Michael Schout wrote:
On 9/2/14, 4:19 PM, Randal L. Schwartz wrote:
## ensure utf8 CGI params:
$CGI::PARAM_UTF8 = 1;
Sorry to chime in late on this, but part of the problem with CGI.pm and
UTF-8 is that PARAM_UTF8 gets clobbered by a cleanup handler that CGI.pm
itself registers if its running under mod_perl.
This caused major headaches for me at one time until I figured this out.
You have to make sure to set $CGI::PARAM_UTF8 early, and FOR EVERY
REQUEST, because if you just set it globally (e.g.: in a startup perl
script), then it only works for the first request.
Hi.
Just an addendum to the discussion :
There are really two distinct approaches to this issue, and they work at
different levels :
1) is to "fix" CGI.pm so that it delivers the parameters in the way which you
expect.
As shown by the previous valuable and technical contributions, this generally works, but
it requires a certain level of expertise; and it does not necessarily work backwards with
all versions of mod_perl and CGI.pm.
2) is to take whatever CGI.pm does deliver to the calling script or module, and use a
couple of tricks and some additional code in ditto script or module, to ensure that
whatever CGI.pm delivers under whatever mod_perl version, the receiving script or module
always knows in the end what it is dealing with.

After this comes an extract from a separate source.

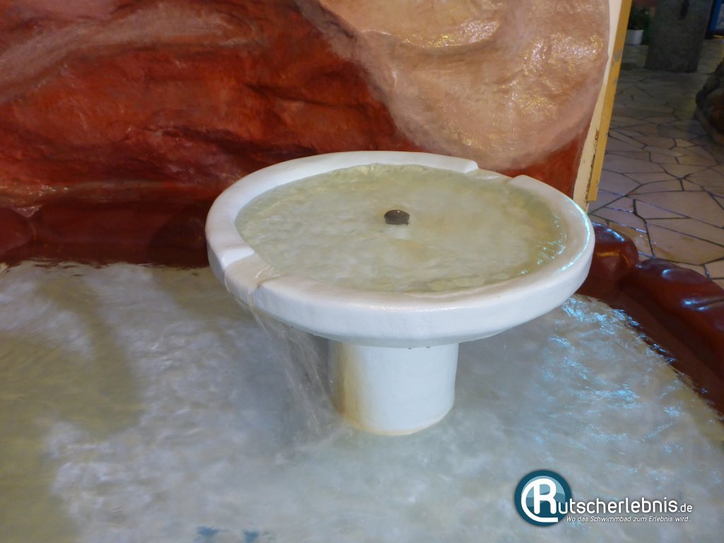 Hinter dem Wellenbecken befindet sich ein kleines Kinderbecken mit einer bunten, wasserspeienden Figur und einer kleinen Rutsche. Die Thematisierung am Becken ist gewöhnungsbedürftig und erinnert an urzeitliche Höhlenmalereien. Zu diesem Eindruck trägt auch die durchaus gelungene Felsengestaltung bei.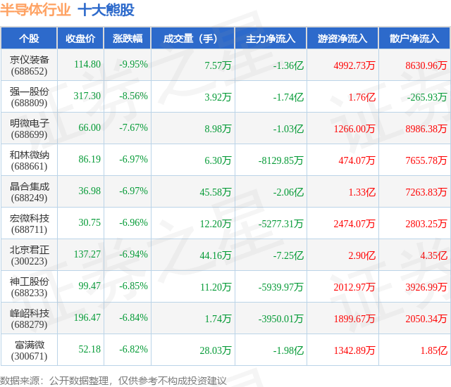 个股表现方面,半导体行业当日领跌股为京仪装备(688652),该股当日报收114.8,下跌9.95%,成交量7.57万,主力资金净流出1.36亿元。强一股份(688809)以下跌8.56%紧随其后,该股当日成交量3.92万,主力资金净流出1.74亿元。除此之外,明微电子(688699)、和林微纳(688661)、晶合集成(688249)均进入当日熊股之列。具体个股列表见下表:

That is the method which I presented early in the discussion.
As stated in that contribution, it is not necessarily the most elegant or efficient way to
deal with the issue, but it has the advantage of working always, no matter which version
of CGI.pm and/or mod_perl are in use.
The real crux of the matter is this, in my view : as things stand today in terms of
protocol and RFCs, there is no real way for CGI.pm (or any comparable framework) to be
*sure* of the encoding of the data sent by a browser or another HTTP client agent. Even
the RFCs do not really provide a way by which this can be enforced. (*)
So if you are sure of what the client is sending, and the matter consists of *forcing*
CGI.pm to always communicate POST (or GET) data as UTF-8 encoded and utf8-marked (or the
opposite) to the calling script/module, then method 1 will work, and it is more elegant
and probably more efficient than method 2.
But if the matter consists of ensuring that the receiving code in the script/module which
handles the data submitted by the HTTP client, is resilient and "does the right thing"
whatever the submitted data really was, then in my opinion method 2 is better.
(But that's only my opinion of the moment, and I stand ready to be corrected).
(*) and if you believe this not to be true, please send me some references about it,
because I am really interested. It might save me some code in all my web-facing applications.